> _Exercise objective_
Print only the lines from the one with "These are not" through the end of the data, exactly, and please omit pictures.

> _Material provided_

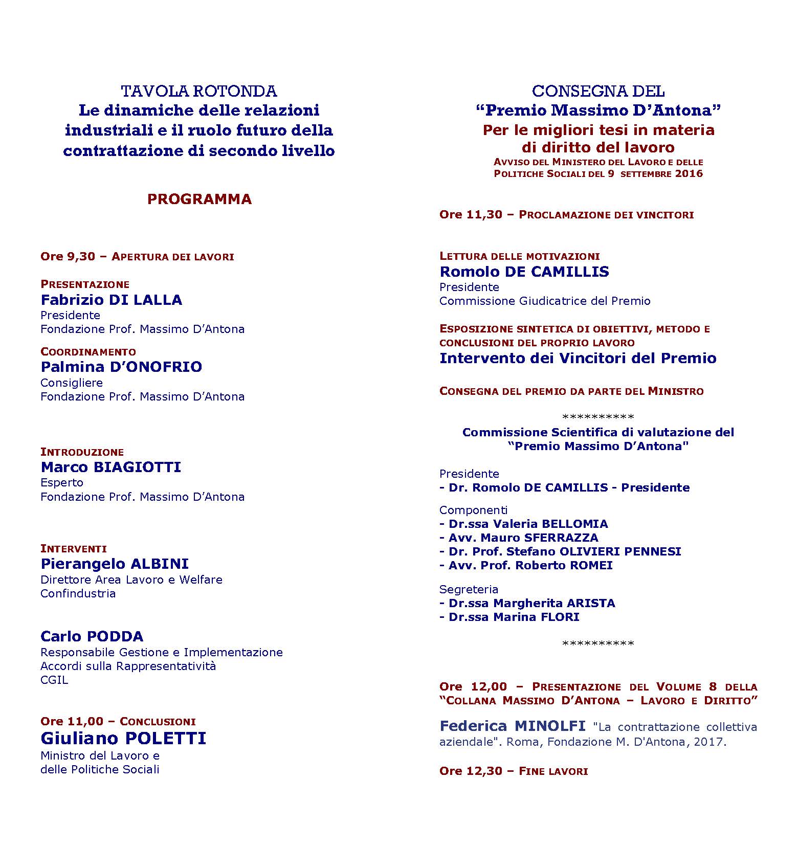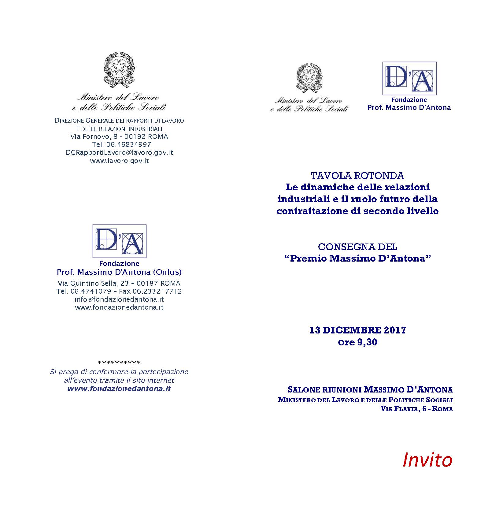 Le dinamiche delle relazioni industriali e il ruolo futuro della contrattazione di secondo livello. Roma, 13 dicembre 2017
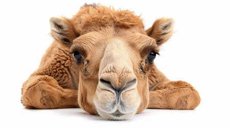 This isolated camel rests calmly, captured in detail, highlighting its texture and elegance on a white canvas.
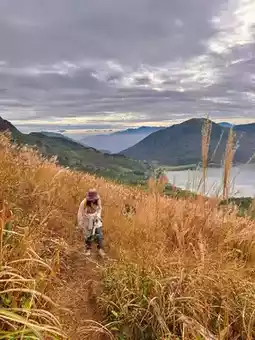 These are not reeds, but the cooler and more elegant silvergrass! The entire hillside is covered with a fluffy golden carpet, and when the wind blows, it looks like waves rolling 🌊. Every snapshot looks like an artistic masterpiece, creating an immersive atmosphere!
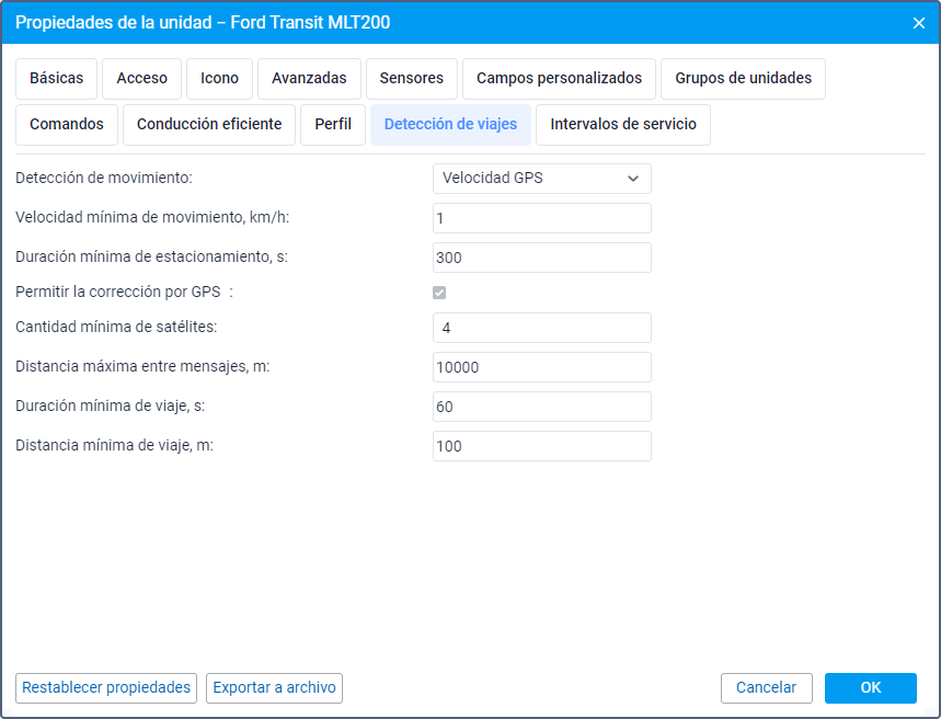 Los parámetros de detección de viajes se utilizan para determinar intervalos de movimiento, viajes, paradas y estacionamientos.

> _Response area_
 These are not reeds, but the cooler and more elegant silvergrass! The entire hillside is covered with a fluffy golden carpet, and when the wind blows, it looks like waves rolling 🌊. Every snapshot looks like an artistic masterpiece, creating an immersive atmosphere!
 Los parámetros de detección de viajes se utilizan para determinar intervalos de movimiento, viajes, paradas y estacionamientos.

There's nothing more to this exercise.